А потом неожиданно затихли персонажи. Мама сидела на табурете и прижимала к себе сына, а Вир дышал тяжело и... о чём-то думал. Значит, не всё потеряно для семьи. Если способны проявлять чувства, то не плоские, а если плоские, то не совсем. Ещё есть шанс выбраться. Ещё есть шанс... Есть...

***

Муза качала кудрявой головой и следила из-за живописных булыжников за одиночным походом Брендта. Два дня поднимался по тропе, не спал ночами , выбился из сил, и ел едва ли. Тяжёлые мысли одолевали плоскую фантазию. Муза стала замечать, что Брендт иногда всхлипывал и плакал. Казалось, что он понял свою суть, и лишь искал подтверждения. За два дня не написал ни одной фразы и не сделал ни единой заметки. Упёрто поднимался вверх. Хотел найти ответы и задать вопросы, наверняка. И Муза пересмотрела отношение к человеку, стремившемуся подняться в гору.

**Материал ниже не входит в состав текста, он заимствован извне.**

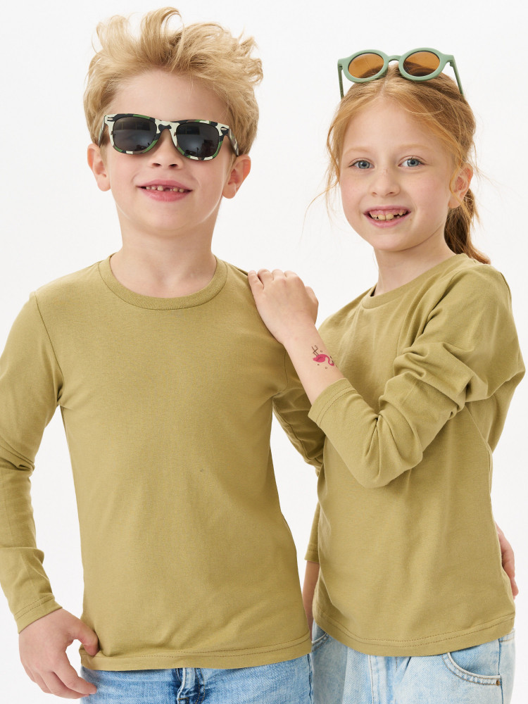 Лонгслив детский прямого покроя с втачным длинным рукавом. По линии горловины втачен ворот из ластичного полотна с 5% добавлением лайкры. Перед и спинка цельнокроеная. Плечевые швы обтачены бейкой из основного полотна, в край проложена отделочная строчка. Низ и рукава подогнуты и подшиты на распошивальной машине. Состав — 100% органический длинноволокнистый хлопок. Ткань — кулирная гладь, из гребенной пряжи Ne 24/1, активное глубокое крашение.
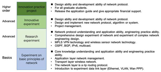 In the traditional teaching mode, students can only go to the network laboratory to undertake experimental learning, and their learning is inevitably restricted by time and space. A considerable part of the experimental time is occupied by traditional verification and analytical experiments, and time and conditions are insufficient to carry out more difficult research and innovation experiments. Via the online learning model, it is easy to carry out experiments of medium or lower difficulty as online experiments. As part of the preparation process, students are required to complete the experiment online before participating in the experiment in class. Teachers and TAs provide remote online experiment guidance. After students have completed the basic online experiments, they can conduct comprehensive analytical and design experiments in the laboratory, and can even design experimental content independently. The classroom is mainly for one-to-one guidance and small-scale discussions.
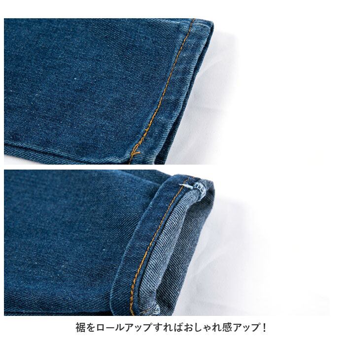 ・トップスをブラウスやTシャツ、ニットなどに自由に変えることで、コーデの表情が変わり、裾をロールアップすればおしゃれ感アップ!
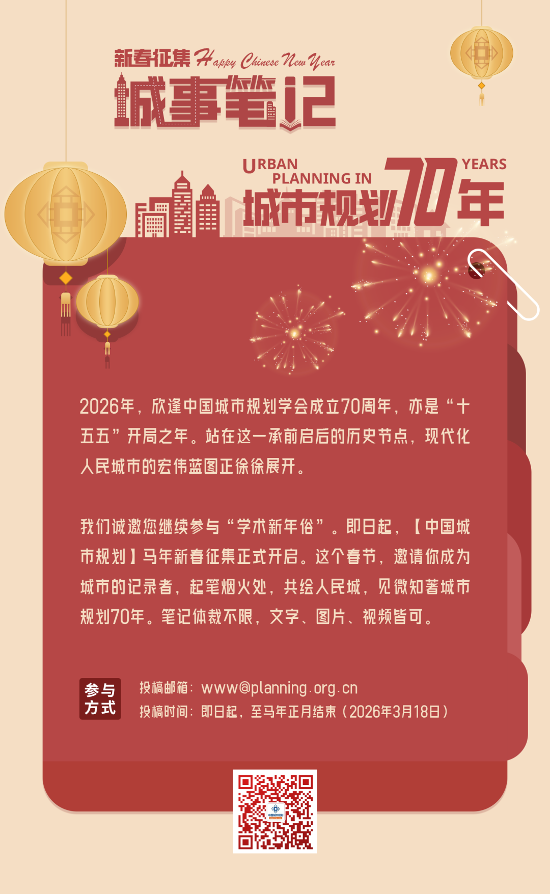 作为“城市规划70年”的系列活动之一,2026年【中国城市规划】新春征集即日启动,欢迎大家踊跃投稿(文字、照片、视频等形式均可),投稿邮箱:www@planning.org.cn。
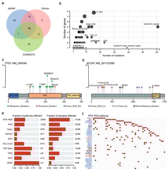 Clinical implications of mutations and domain and pathway enrichment analysis. (a) Venn plot of database-registered variants. (b) Frequently mutated pfam protein domains in CCA. The size of the bubble is in proportion to the number of genes containing prominent display domains. (c) Location of TP53 mutations schematic. (d) Location of the BCOR mutations schematic. (e) Enrichment of known oncogenic signaling pathways. (f) Mutated genes in the RTK-RAS pathway. Tumor suppressor genes are in red, and oncogenes are in blue font. The red square represents a patient with one or more mutations in this gene and the black dot represents no mutation detected in the patient.
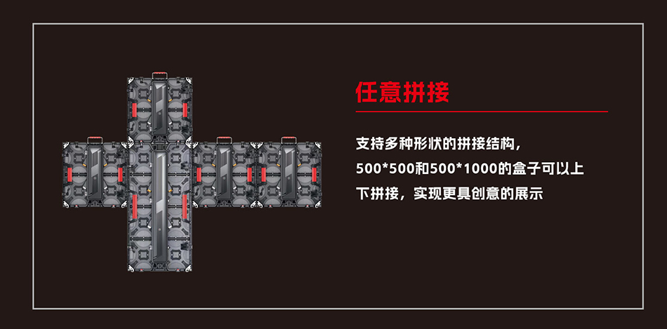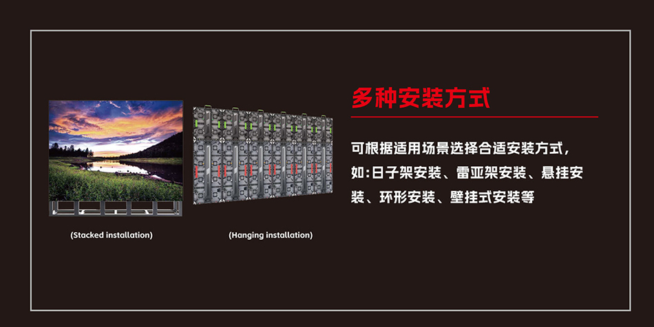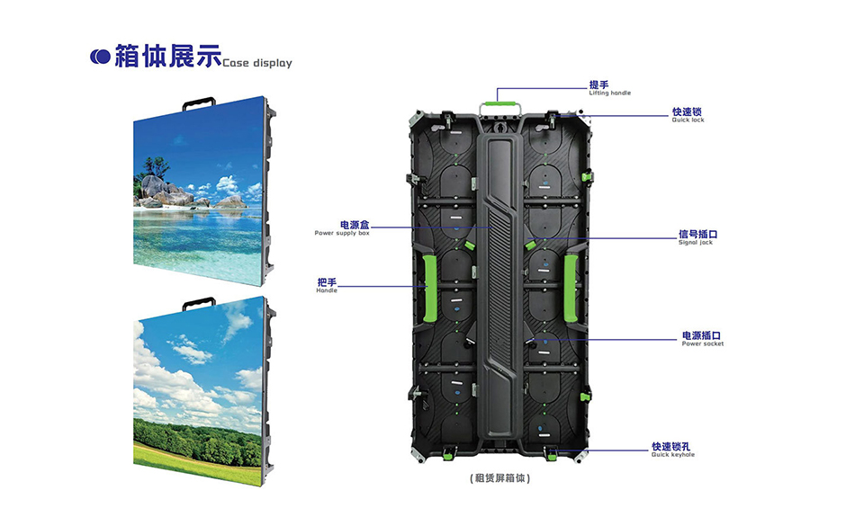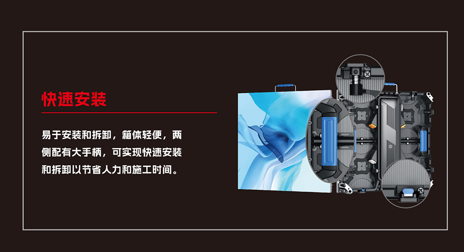 LED租赁屏(LED screen rental)是一款用于舞台演出、文艺活动、展会活动等便于快速拆装LED显示屏。屏体轻薄,节省空间,可任意方向,尺寸的造型拼凑,呈现出各种需要的视觉效果,箱体采用压铸铝成型,强度高,韧性强,精度高,不易变形,省心省力。
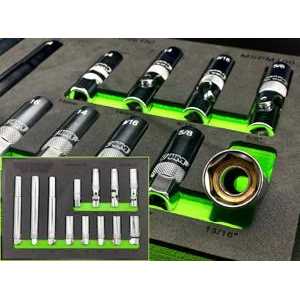 Designed to remove and insert spark plugs with ease using magnetic rings to hold plug in socket while installing or removing it. Set is made up of 12 magnetic sockets with a satin finish, all laid in a black and green EVA foam with labeled sizes. Each socket is conveniently knurled to allow the tech to turn by hand if needed.
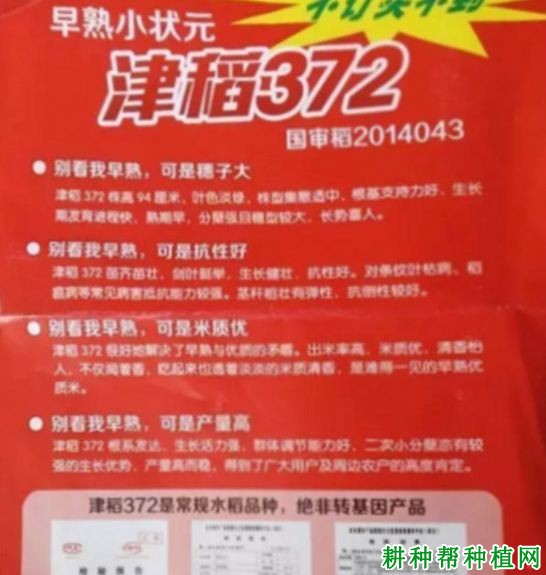 津稻372水稻品种有什么特点?津稻372水稻品种适宜在哪里种植?津稻372水稻品种亩产多少公斤?以下耕种帮种植网就作简单介绍,供网友们参考。
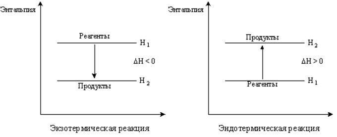 Энтальпия, также как и внутренняя энергия, является термодинамической функцией состояния системы. Химические реакции, протекающие с выделением теплоты, называются экзотермическими. Химические реакции, протекающие с поглощением теплоты, называются эндотермическими.
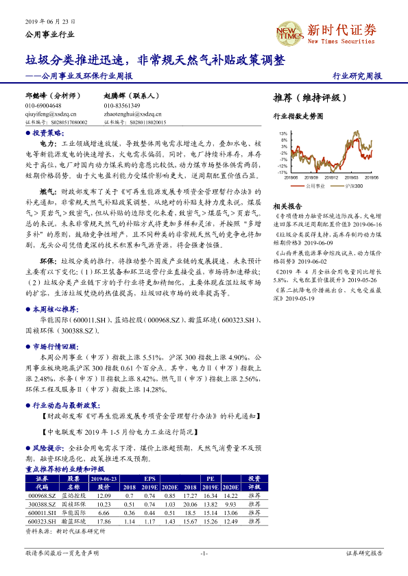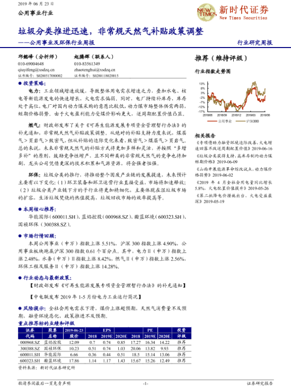 【新时代证券】【20190623】公用事业及环保行业周报:垃圾分类推进迅速,非常规天然气补贴政策调整-13页
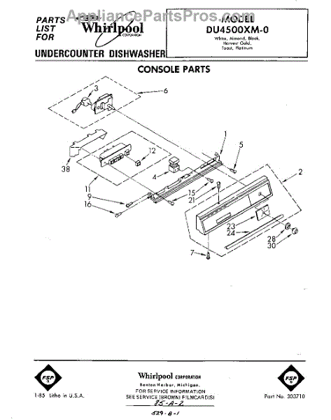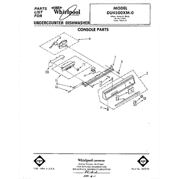 Parts for Whirlpool DU4500XM0: 01 - Console Parts
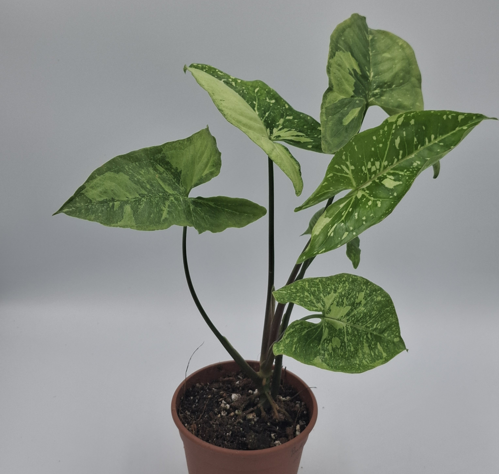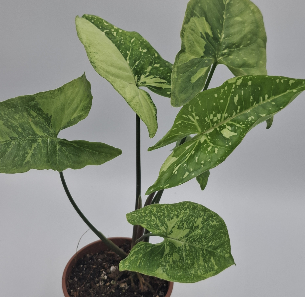 Trópusi eredetű, a Syngonium nemzetséghez tartozik. Jellemző rá a szabálytalan fehér/krém foltozottság („galaxy/panda” mintázat).
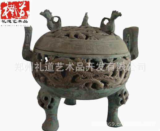 厂家直销仿古青铜器金属工艺品三足铜香炉 创意家居熏炉摆件

- Брендт!, - позвала она. - Погоди!.

Брендт услышал голос гадкой девчонки, но не остановился, брёл и брёл вперёд, иногда не в силах поднять ноги как следует, зацеплялся носками ботинок за камни, спотыкался, падал, но вставал и настырно продолжал восхождение.

На третий день пути Брендт, смутно различая реальность, набрёл на дверь в скале. Усмехнулся чему-то и, запрокинув голову, начал терять связь с действительностью. Всё закружилось. Небо и скалы, камни и дверь. Быстрее, быстрее и быстрее. Ноги согнулись в коленях, и бесчувственный Брендт рухнул лицом в пыльную романтику горных троп.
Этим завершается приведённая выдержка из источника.